Beginning the next act of their lives, two retiring employees took time to reflect on their journey with the Synod of the Lakes and Prairies of the Presbyterian Church (U.S.A.)

Diana Barber retired in January as associate executive for leadership development, and J. Jay Wilkinson will leave at the end of March after helping train the individual filling the synod’s new position of director of financial services.

In practical terms, Barber said, “if it has to do with people, it’s my responsibility.” She was the staffer behind the popular Synod School that runs for a week every summer at Buena Vista College in Storm Lake, Iowa, and worked closely on Christian education and relations with the presbyteries.

Nationally, she said, most programs like Synod School have fallen by the wayside, but “for some reason, Presbyterians in the upper Midwest like to get together.” It’s now the synod’s only big event, drawing about 600 people, including nearly 200 children and youth, to a week of worship, education and fun.

“There are things about work I won’t miss,” from her 31 years with the synod, Barber said, “but I will miss the people.
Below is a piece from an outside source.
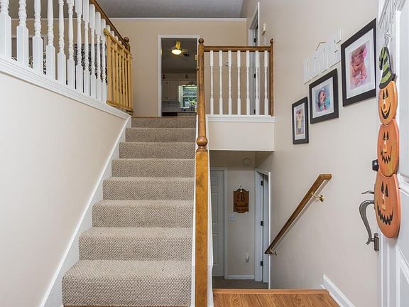Charming home on a large corner lot! New roof, new appliances and an open floorplan to boot! Vaulted dining room & great room with fireplace. Sunny breakfast room opens to porch for outside enjoyment. Lovely vaulted master suite retreat, bath with garden tub and separate shower. Spacious finished basement perfect for entertaining and a side bedroom with a full bath. Large leveled yard and extra parking for a third car!

Seeing kids have fun, helping adults become more effective leaders—that’s what encourages me.”

Over the years, as staff and congregations have shrunk, programming has also diminished, but Barber said that the synod now does less “think of something and assume that they want it,” and more helping presbyteries respond to congregational requests.

“It used to be that everyone looked to the next level to lead,” Barber said. “Not now. If the larger church is going to continue, it’ll be because we figured out a new way to focus on congregations.” The silver lining to having fewer resources, she said, is that “we look again at what’s really important, and what makes us church as opposed to an institution.” 

She spent time in several mainline Protestant denominations in her youth, but as an adult “came to understand what it really means to be Presbyterian. There’s no ‘bishop;’ we don’t make decisions by ourselves; our leadership is in the group. There’s something about all that that I resonate with.”

Wilkinson came to the synod in 1994, after growing dissatisfied with his work as vice president of finance for a corrugated box company in Appleton, Wis. He realized he had to do something different, and the transition to the nonprofit world was easier than he expected. “I’d like to think the Holy Spirit had something to do with it, convincing me that a lower salary was something I could deal with,” he said. “I don’t think I ever wished I hadn’t made the move.”

As treasurer, Wilkinson has handled all of the synod’s money matters for 22 years, including being the staff liaison for the committee that makes loans to churches for capital projects. Up to 90 percent of the synod’s $5.5 million loan fund is loaned out at any given time, with priority going to churches that would not qualify for a bank loan. He also provides payroll services for 15 of the synod’s 16 presbyteries, and bookkeeping services for nine.

About 10 years ago, he also took over the position of stated clerk, because, as he remembers it, the synod executive said, “I have it on good authority that you’re not busy between midnight and 6 a.m.” In that role, he serves as corporate secretary, offers advice on the church constitution and manages the judicial process.

Looking back, both retirees are struck by the decline in synod staff and programming, a reflection of the membership losses of the national church. The office in the Twin Cities now has seven people, instead of 17 when Wilkinson came aboard in 1994. “The church will last through my lifetime,” Wilkinson said, “but I’m concerned for the next 100 years.”

The two departures will mean a loss of institutional memory, said synod executive Elona Street-Stewart. Because of the various roles they have played in the national church, “people know them wherever you go. They’re like an index—you go to Jay or Diana to figure out what you need.” At the synod, she said, Wilkinson has consistently reminded others that “resources are given to us for work. Our task is not to hold onto them, but to make sure they’re distributed in a way that follows the mission.”

Barber plans to travel, visit family, and volunteer. “My life has been so immersed in church,” she said. “I’m looking forward to meeting people I didn’t meet in church.”

Wilkinson and his wife, Kathie, will spend time with their three children and seven grandchildren. As for other activities, “I’m waiting for the Holy Spirit to lead me,” he said. “I don’t plan on sitting in a rocking chair.”